Althea was startled. She saw a little dowdy person who looked the governess in some old photographic group. She had on one of those patterned silk dresses which are thrust upon elderly ladies who have an insufficient sales-resistance. It had a small muddled pattern of green and blue and black on a grey ground, and it had been made high to the neck by the insertion of a net front with little whalebone supports. The hat that went with it was black like all Miss Silver’s hats, but whereas they had up till now been made of black felt in the winter and black straw in the summer, this was the black velvet toque which she had bought for a wedding in the spring and upon which she had been complimented by an old pupil of hers, Randal March, now the Chief Constable of Ledshire. It was trimmed with three pompoms, one black, one grey, and one purple, and her niece Ethel Burkett considered that it became her very well. Althea being naturally in ignorance of these interesting particulars, it did not appear to her to be as dashing as it had to those conditioned to an unending sequence of felt and straw. She said a little vaguely,

‘Oh, yes, I am.’

Miss Silver smiled.

‘You will wonder why I ask, but Mrs Graham was sitting here a little while ago and she pointed you out to me across the room. Your name is an uncommon one, and when she spoke of you as Althea I could not help wondering whether you were the Althea Graham who was such a good friend to Sophy Justice.’
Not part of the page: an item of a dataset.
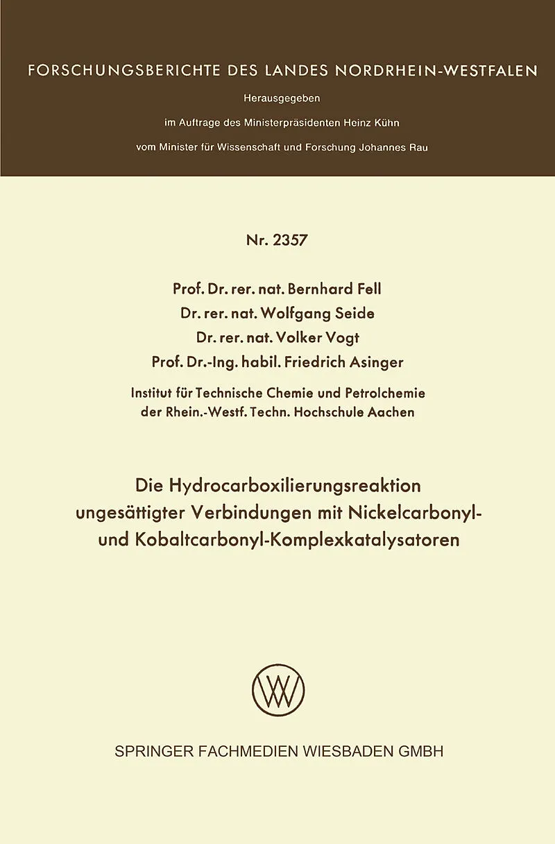 Inhalt 1.0.0. Einleitung und Aufgabe.- 2.0.0. Die Nickelcarbonyl-katalysierte Hydrocarboxylierung der Olefine.- 3.0.0. Die Nickelcarbonyl-katalysierte Hydrocarboxylierung höhermolekularer n-Alkine.- 4.0.0. Die Hydrocarboxylierung höhermolekularer primärer und ...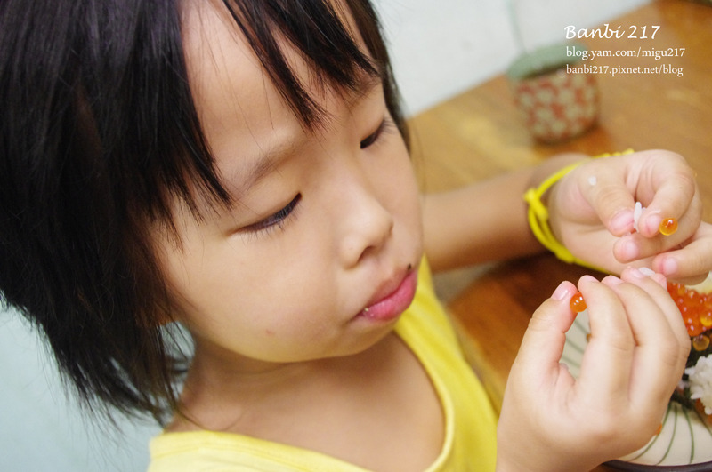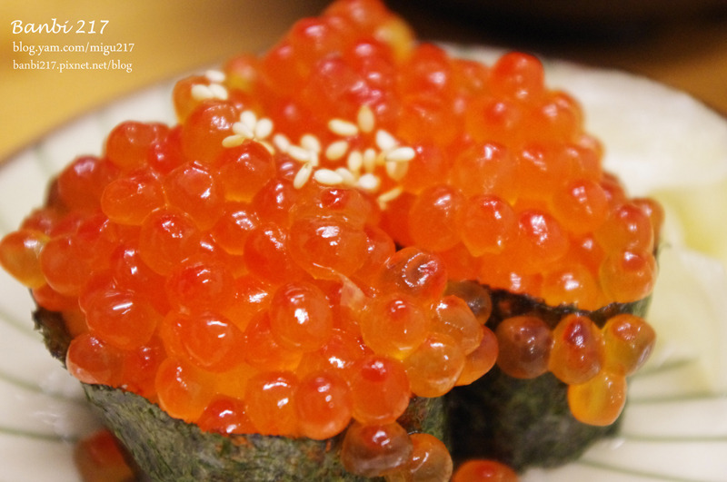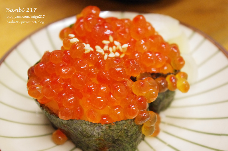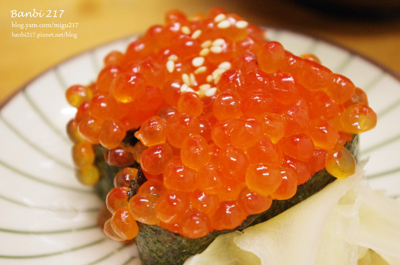 為了我家那愛吃鮭魚卵的蕾蕾點的鮭魚子壽司,因為壽司還滿大的且鮭魚爆滿出來的樣子,送上桌時她開心的歡呼!

Althea was startled quite out of her dream, because six years ago cheerful, careless Sophy had got herself into a nasty jam. She had written some very silly letters to a man who was unscrupulous enough to blackmail her on the strength of them. Snatches of talk came up out of the past -

‘Sophy how could you be so idiotic?’

‘Darling, I just didn’t think anyone could have such a foul sort of mind.’